So this is the time of year where people harp on and on about New Year’s Resolutions and make social media posts announcing the goals they are going to accomplish in the New Year.

It all actually makes me quite tired.

Unfortunately social media has created a culture lacking authenticity. People are more interested in how they can get “likes” than they are in providing anything of substance.

That’s a whole other thing though that I’ll write about later.

I turned 40 in 2018, and of everything, I am first of all absolutely ecstatic to be alive. My heart is warmed by the memories I have created, and I am amazingly excited about what the future holds for me.

Looking back at my life, particularly last year, I realize that instead of trying to stroke my ego by bragging about goals that may impress others, it would probably be more beneficial to look into the experiences I’ve had, the lessons I’ve learned, and share those experiences in hopes they will enhance the lives of others.

Following are the top three things that I feel like I can hopefully impart in a way that will be helpful and healing.

Why just three, you ask? Well hey, I don’t want to take up too much of your time. You’ve got resolutions to get to, right?

Don’t Be Afraid, Or Be Afraid, and Do It Anyway

If I’m honest, I’ve lived a good bit of my life in fear. Things I should have said, done, people I should have expressed my feelings for, opportunities I should have taken; over time I have now come to fully understand the real and true danger of being afraid.
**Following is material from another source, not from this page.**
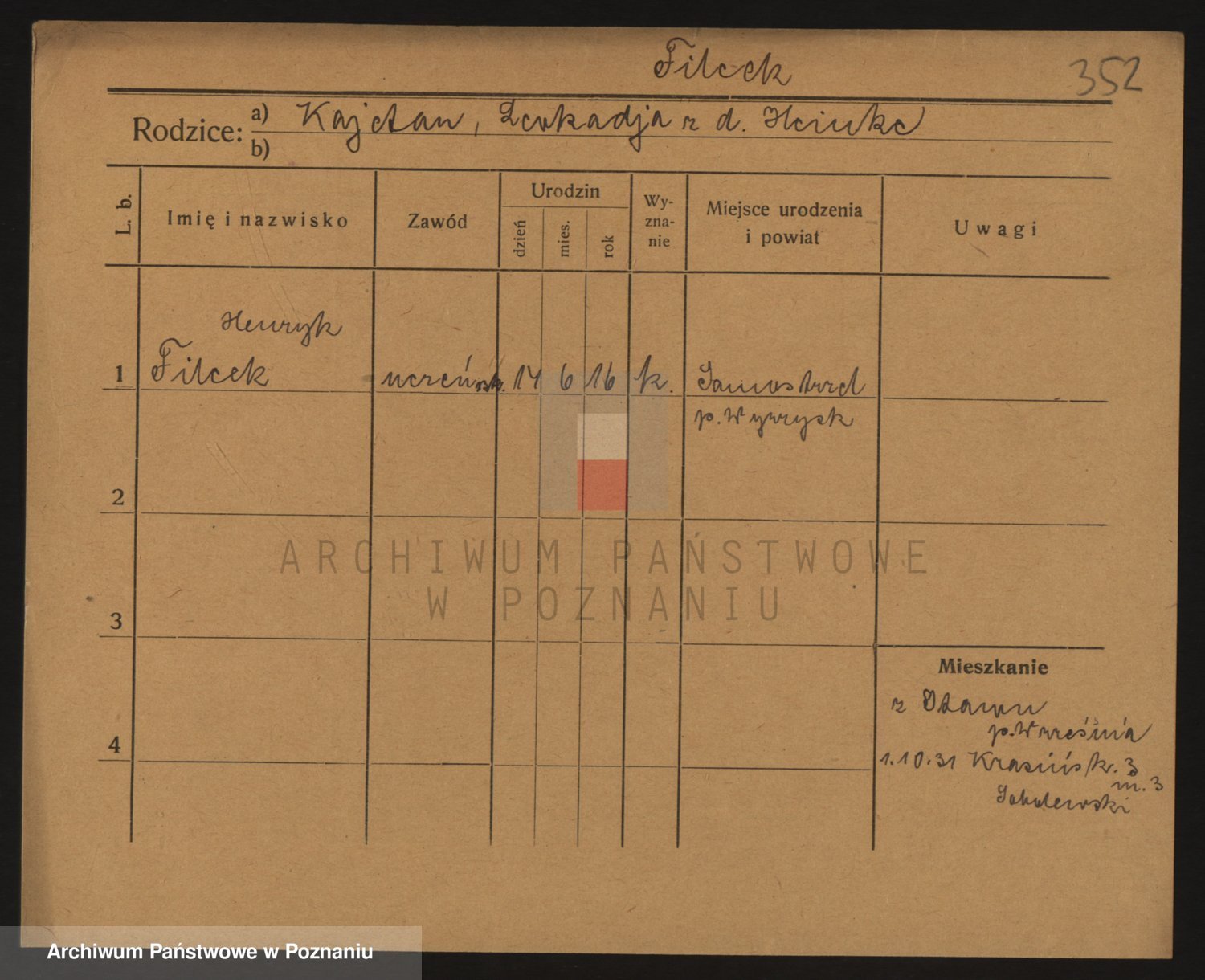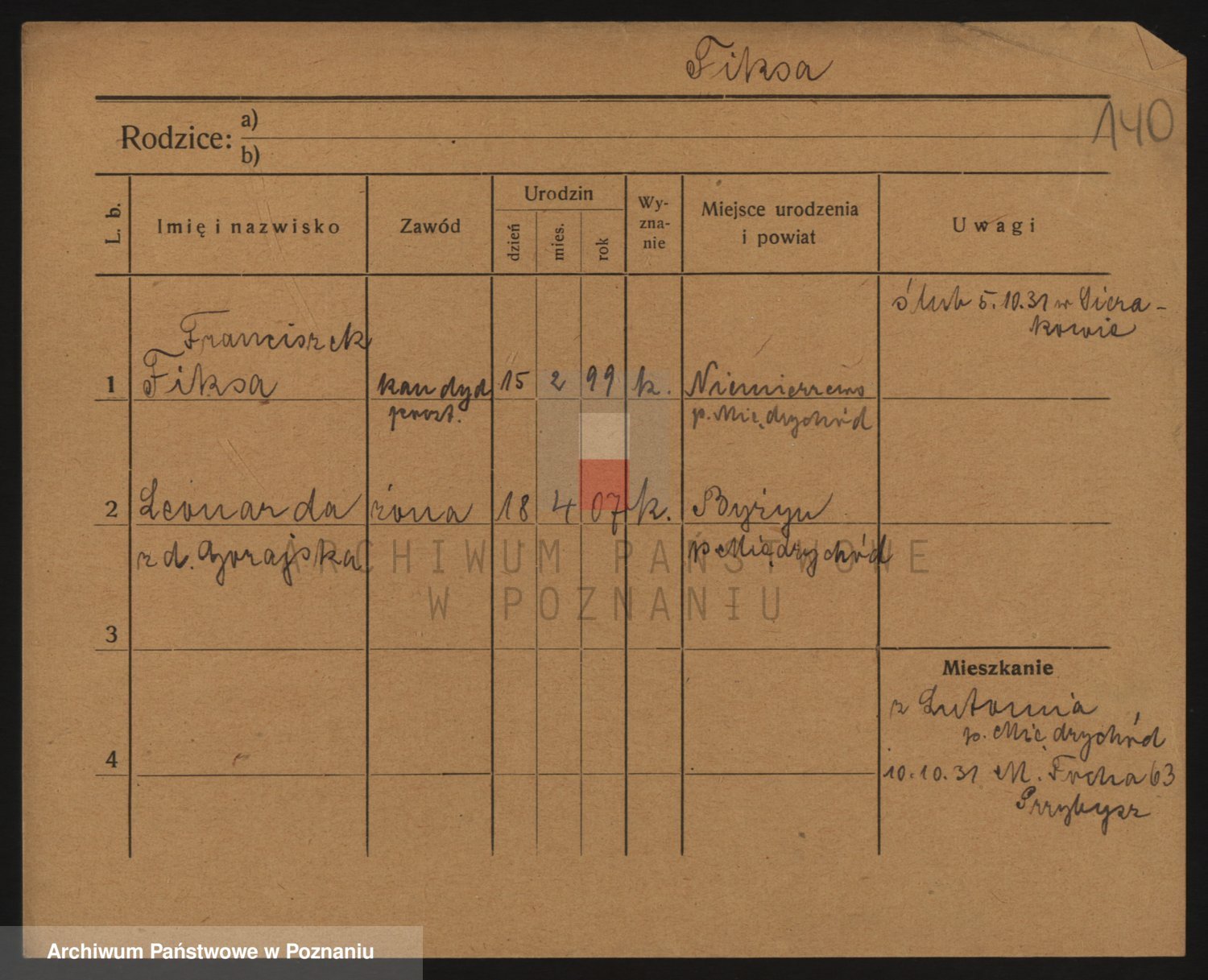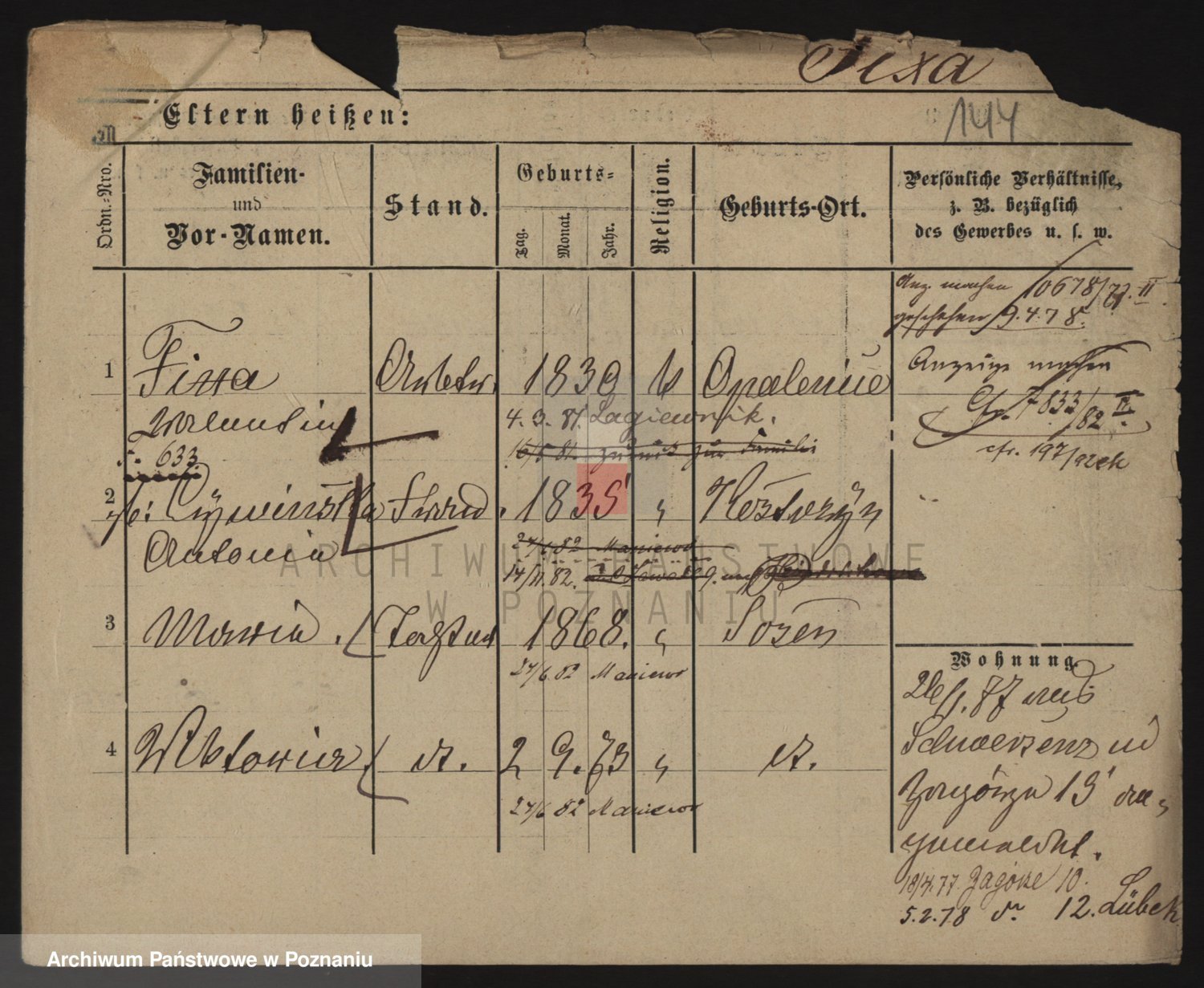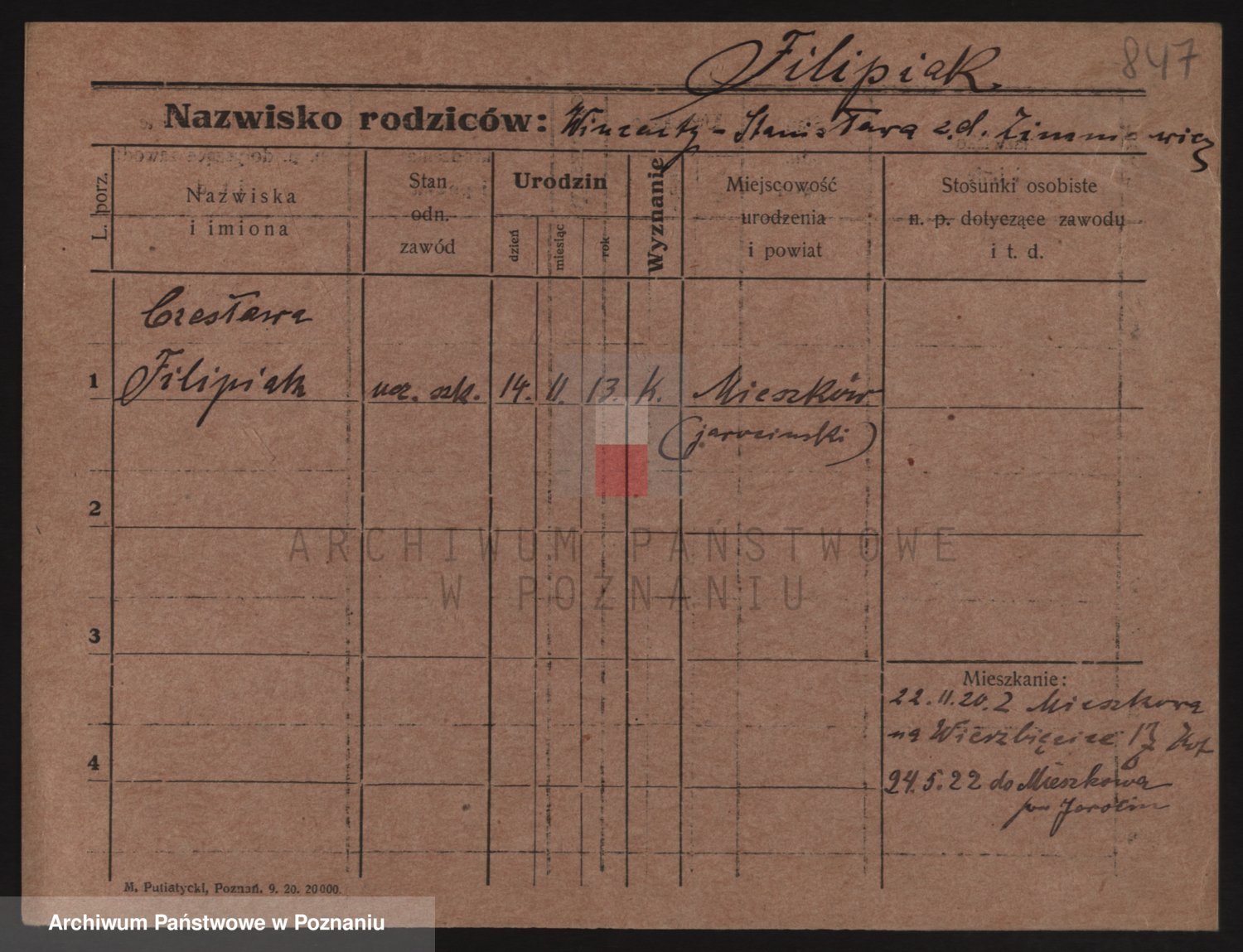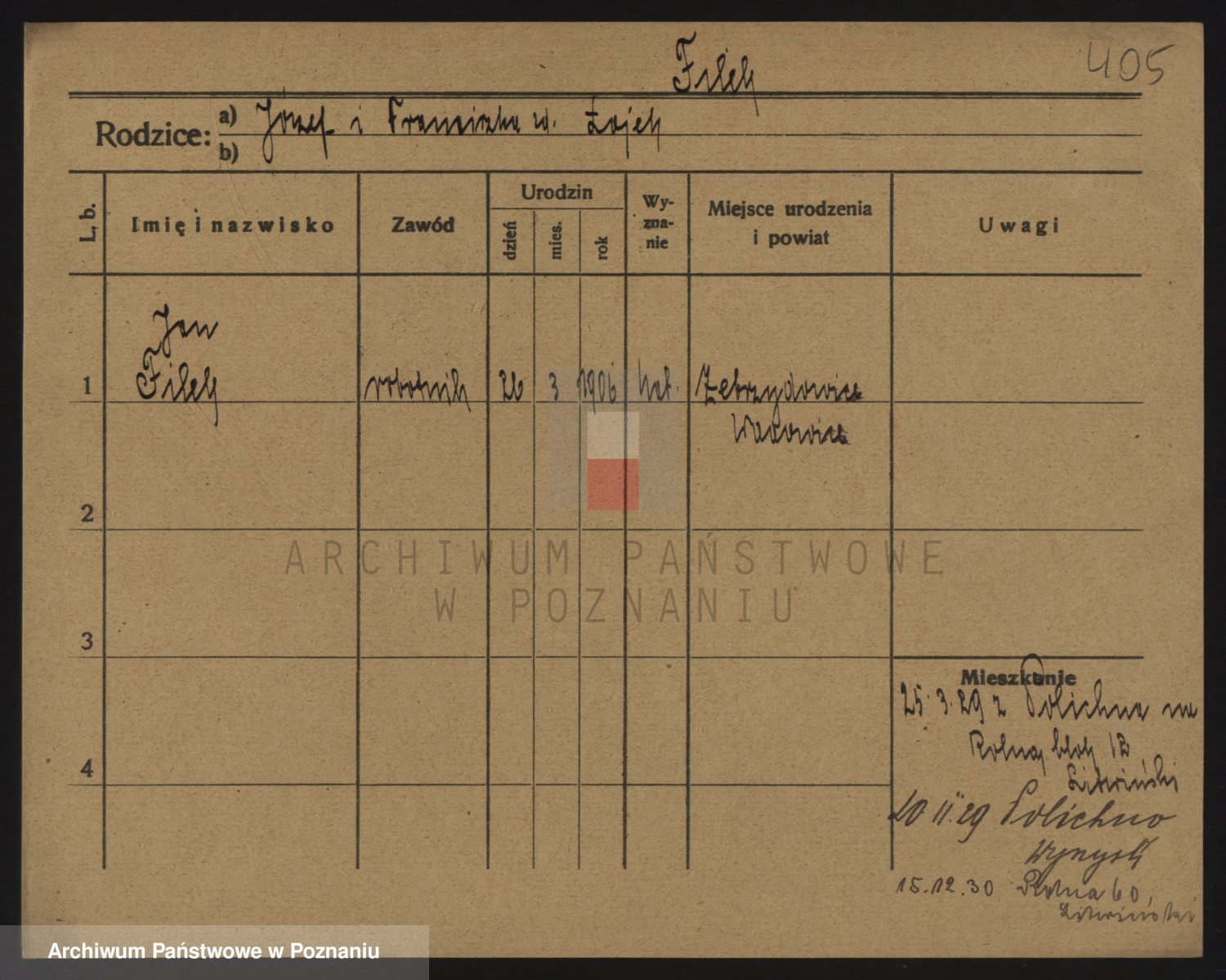 Podgląd karty osobowej dostępny jest po kliknięciu na nazwisko lub ikonkę karty. Można dokonywać powiększenia (ikony na górze) lub przechodzić między kolejnymi skanami (strzałki po bokach).

There is a lot of comfort in doing things that are safe. With life being uncertain enough as it is, it seems almost irrational to the human mind to do things that would add to what can already feel like an out of control spiral. Instead of walking away from the irrational though, sometimes it should be embraced. When I wonder on the things people I admire have accomplished, people like Oprah, Warren Buffett, Viola Davis, Julia Roberts and Barack Obama, I understand more and more that these folks were probably scared as shit when it came to the chances they took, but they took them anyway, helping them get to where they are today.

We’re never really taught the truth about fear. From childhood we’re conditioned to believe that things causing fear should be avoided because they’re either wrong or too risky. We in turn live out our lives in a box, sticking only to what is familiar, comforting and safe. It’s not a terrible life to live, but in order to accomplish life goals, and perhaps in order to truly live, running away from things that make you afraid isn’t always the best method.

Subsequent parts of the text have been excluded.